No obstante, Maraldi (2014b) observó que las personas con puntuaciones más elevadas de disociación efectivamente relatan más traumas infantiles y mayor frecuencia de experiencias anómalas, lo que puede indicar la existencia de un subgrupo más patológico de religiosos disociadores.

Debemos diferenciar, la “tendencia a la disociación”, esto es, la propensión individual de experiencias de base disociativa de la “disociación contextual”, que se refiere a experiencias disociativas circunscriptas a contextos religiosos y a  estímulos y expectativas presentes en estos rituales, que podrían ser relatadas incluso por individuos que no posean ninguna predisposición en particular.

 NEUROFISIOLOGÍA DE LA MEDIUMNIDAD EN BRASIL

Las investigaciones clínicas y psicosociales de la mediumnidad nos permiten comprender el sentido y las funciones de las experiencias mediúmnicas en la vida de diversos participantes, y de los grupos a los cuales pertenecen, así como proporcionar informaciones útiles acerca del diagnóstico diferencial entre trastornos mentales y fenómenos disociativos de naturaleza religiosa.

Incluso los estudios antes mencionados ofrecen poca información relativa a los correlatos neurológicos y psicofisiológicos de las experiencias mediúmnicas.

La neurofisiología de la mediumnidad es aún un campo emergente en Brasil, y que contribuye de modo relevante a la elucidación de esos fenómenos.

En un estudio que evaluó diversas medidas psicofisiológicas (temperatura de las manos, latido cardíaco, conductancia eléctrica de la piel, tensión muscular, actividad eléctrica del cerebro y puntuaciones de escalas de disociación) de tres participantes, dos médiums y uno no médium (Hageman et al., 2010, 2011), se constató un aumento en la tensión muscular y en las ondas cerebrales durante el trance, que era incompatible o paradojal con el relato del médium, notando una disociación entre la percepción consciente del cuerpo y las reacciones fisiológicas.

En consonancia con estos resultados, los médiums también presentaron puntajes más elevados de disociación y absorción.

Uno de los participantes era Jacques Andrade, un médium que practica pintura mediúmnica.

En un artículo posterior que profundiza el análisis de los datos de Andrade e incluyendo una nueva colecta de datos psicológicos años después Maraldi & Krippner (2013) observaron que Andrade había también puntuado de manera elevada en un cuestionario sobre traumas en la infancia y una versión en português de la escala de transliminalidad (Thalbourne, 1998), un instrumento que evalúa experiencias anómalas, alteraciones perceptivas y fenómenos subliminales.

A partir de la integración de varias evidencias sobre el caso Andrade, los autores formularon un modelo biopsicosocial de las relaciones entre disociación y creatividad, cuya hipótesis central es que el médium, en función de su condición socioeconómica desfavorable y de las dificultades y traumas que enfrentó con una deficiencia auditiva, habría encontrado en la mediumnidad un recurso socialmente aceptado y simbólicamente relevante para expresar sus habilidades artísticas latentes.

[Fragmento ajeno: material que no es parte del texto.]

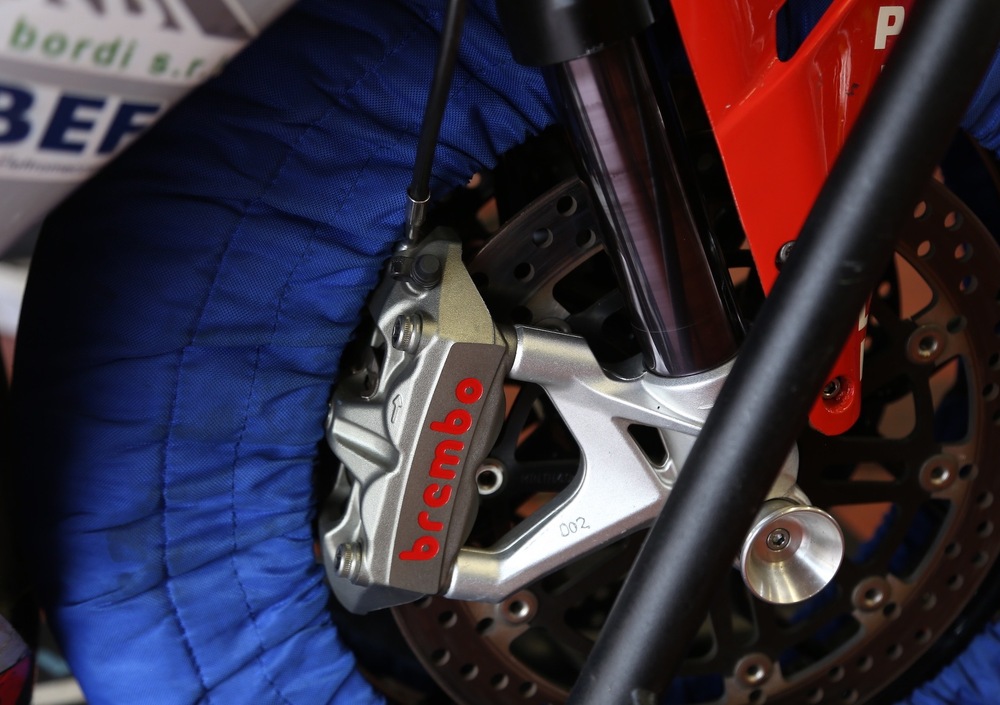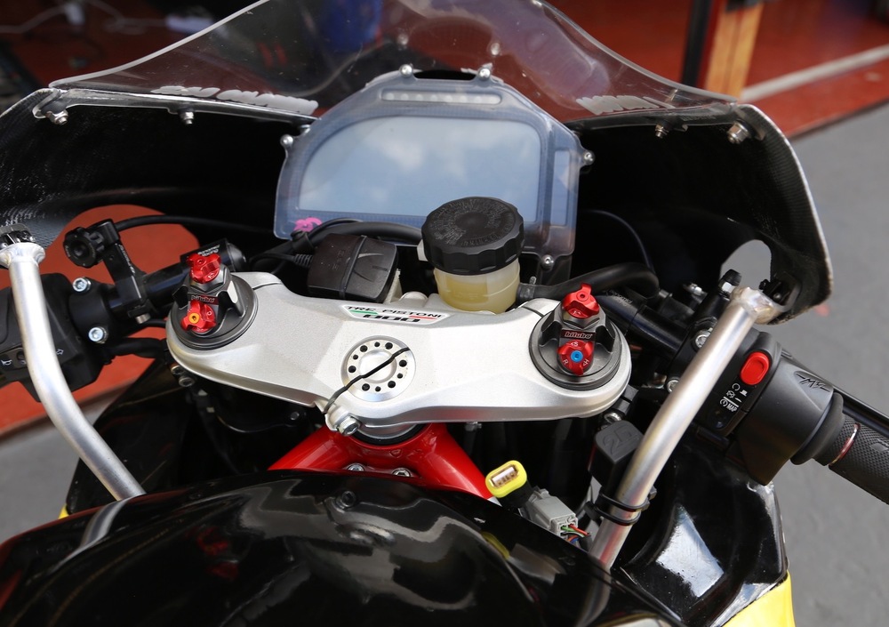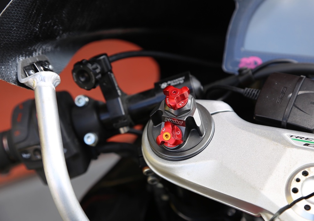 Sulla ciclistica il lavoro ha portato alla sostituzione del mono posteriore e delle cartucce forcella con unità Bitubo (semplicemente meravigliose le lavorazioni in vista, con i registri anodizzati rossi dal look professionale ed intuitivo – una manna dal cielo per chi deve lavorare di fretta in condizioni di gara), all’ottimizzazione dell’impianto frenante con pastiglie e raccordi dedicati, e alla sostituzione dell’interfaccia pilota – leve al manubrio, pedane e relativi comandi – con unità Bonamici Racing.
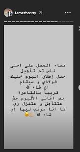 وتابع تامر: "أغانى الألبوم مش هتتأجل وهتنزل زى ما أنا مرتب ليها".
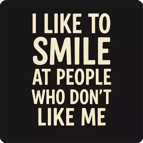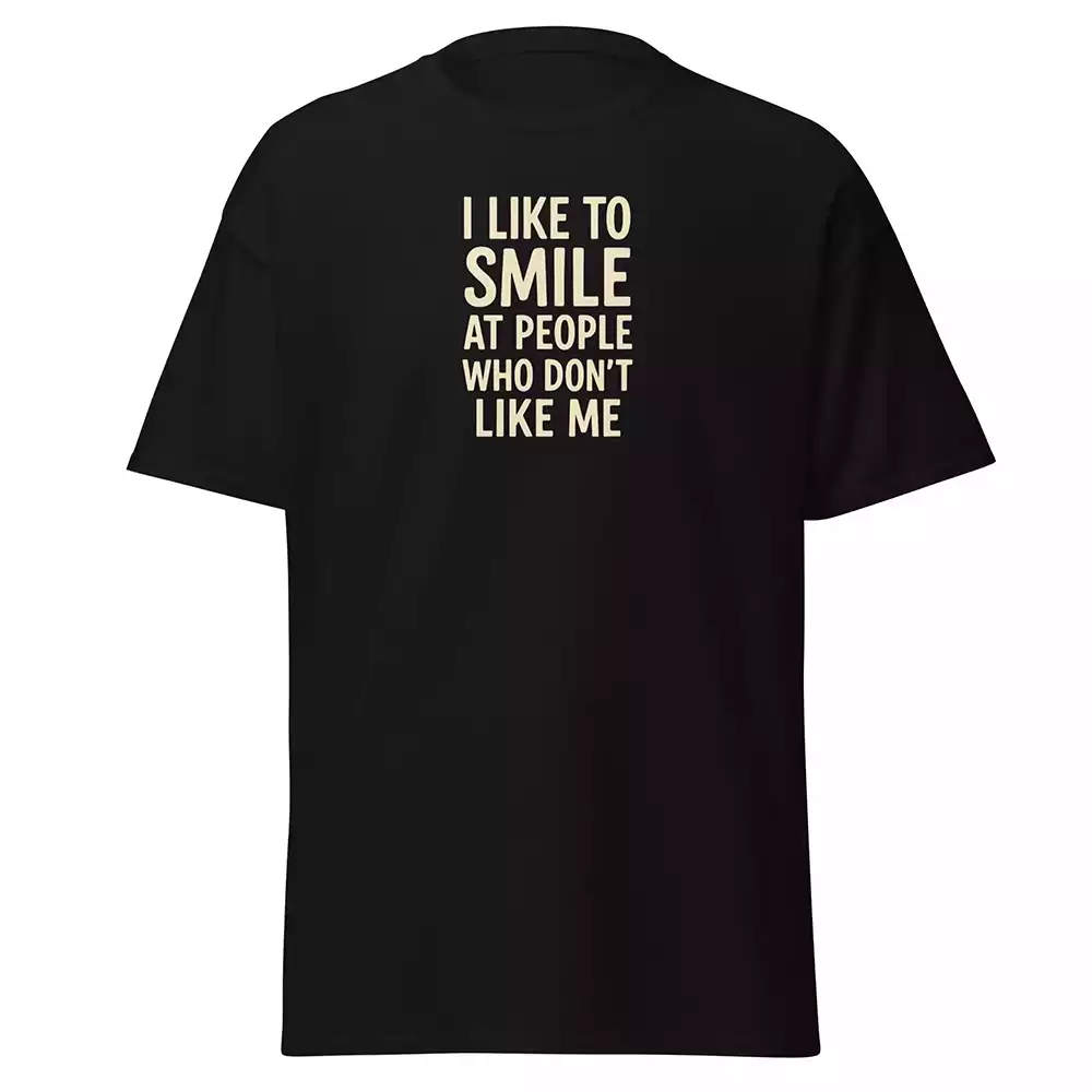 This is a black unisex t-shirt for people who turn passive aggression into an art form. Features the slogan ‘I Like To Smile At People Who Don’t Like Me’ in off-white text.
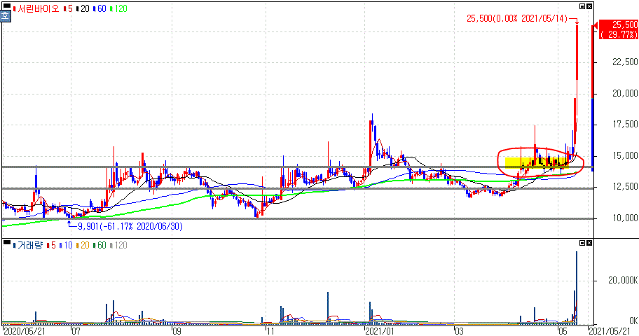 서린바이오 주가 :: 2021년 05월 14일 오늘의 상한가 종목
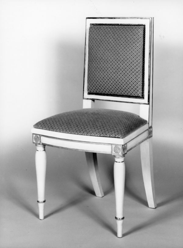 Chaise livrée par Charles Munier (actif de 1828 à 1863), tapissier, fournisseur du mobilier de la Couronne.
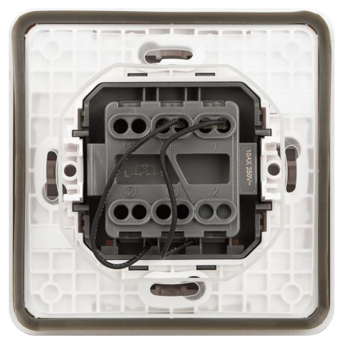 Выключатель влагозащищённый 1-клавишный с подсветкой серии Эра Эксперт накладн IP55 цвет белый 11-1522-01 скрытой установки. Номинальные характеристики 10А 250В . Выполнен из качественного поликарбоната, оснащён уникальными винтовыми клеммами ЭКСПЕРТ для максимально качественного зажима кабеля в механизме.
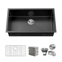 30" Black Workstation Undermount Kitchen Sink 16 Gauge Deep Single Bowl
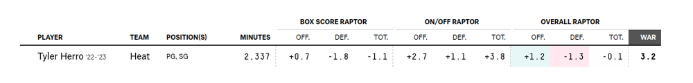 3. By RAPTOR Lavine is 96th and Herro is 136th. So, yes, in a vacuum most metrics agree that Lavine is a better player. But, no, most metrics do not paint Lavine as elite, and, no, the evaluation is not in a vacuum. Herro represents better value currently and better medium term potential. Lavine is what he is. Herro is still coming along.
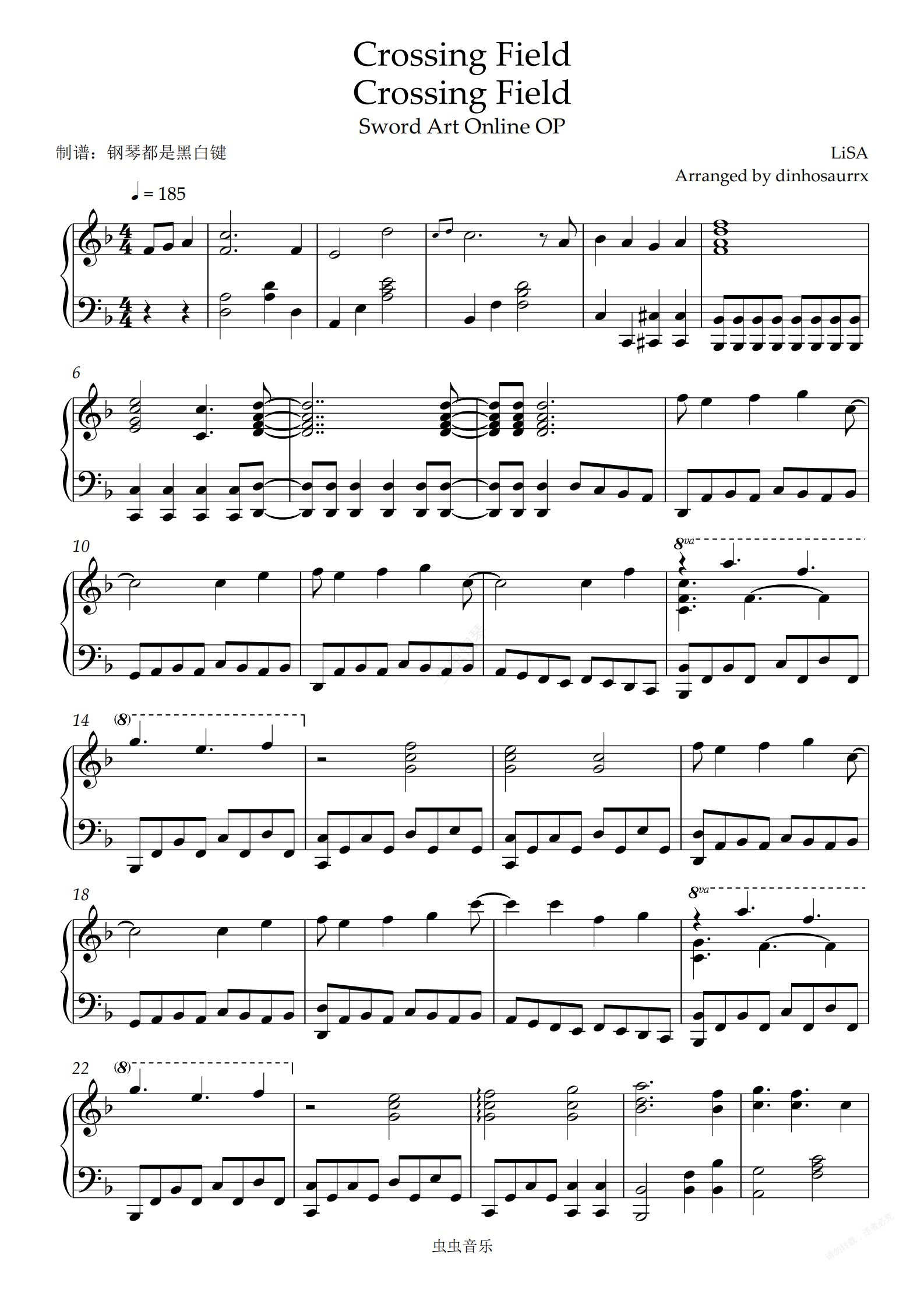 钢琴谱:刀剑神域插曲-Crossing Field 【好听钢琴独奏】

Los autores buscaron integrar, así, las perspectivas psicosociales y clínicas al abordaje neurofisiológico de los fenómenos mediúmnicos.

 En otra investigación realizada por Peres et al. (2012) con médiums de psicografía brasileros, los médiums más experimentados denotaban baja activación de áreas cerebrales responsables por la atención y planeamiento, resultado éste que no sólo justificaba sus alegaciones de trance disociativo, sino que también parecía contradictorio con la mejor productividad textual de esas personas durante la tarea bajo estado de trance, en otras palabras, estos individuos producían mejor en trance que en una condición control (esto es, sin considerar bajo la acción de espíritus), conforme al análisis de la cualidad de los escritos realizada por un especialista que desconocía cuales textos habían sido producidos en condición experimental y cuáles en condición control.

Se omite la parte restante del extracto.